According to the configuration, since a distance between teeth of the wheel is short, the number of stacked wheels held by the holders is able to be reduced.

(C) A distance between two teeth adjacent to each other in the circumferential direction of a wheel may be shorter than a distance between two closest teeth of two wheels adjacent to each other in the axial direction.

According to the configuration, since the roller is able to be reduced in size in the axial direction, it is possible to reduce the influence of the reference teeth being distributed unevenly in the circumferential direction on a variation in thickness of the roller in the circumferential direction.
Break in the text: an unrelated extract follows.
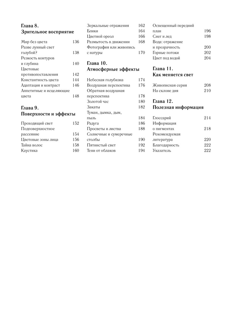 Очень понравилась книга. Позволяет систематизировать уже имеющиеся знания, да и узнала много нового о свойствах красок, влиянии породных условий на свет и пр. Меня книга подтолкнула к изучению свойств предметов перед рисованием, наблюдению.

That is, although the reference teeth being distributed unevenly has a greater influence on a variation in thickness when the roller is thicker in the axial direction, the roller is able to be reduced in size in the axial direction, and the reference teeth being distributed unevenly in the circumferential direction of the roller is thus able to have a smaller influence on a variation in thickness of the roller.

(D) An angle formed by two reference teeth adjacent to each other in the circumferential direction may be identical across the n wheels, and Tc*n, which is a sum of shift amounts Tc, may be larger than 360°, the shift amount Tc being the angle.

According to the configuration, since n*Tc>360°, it is possible to further suppress a variation in thickness of the roller in the circumferential direction when the roller is formed by stacking the wheels held by the holders compared with an instance in which n*Tc>180°.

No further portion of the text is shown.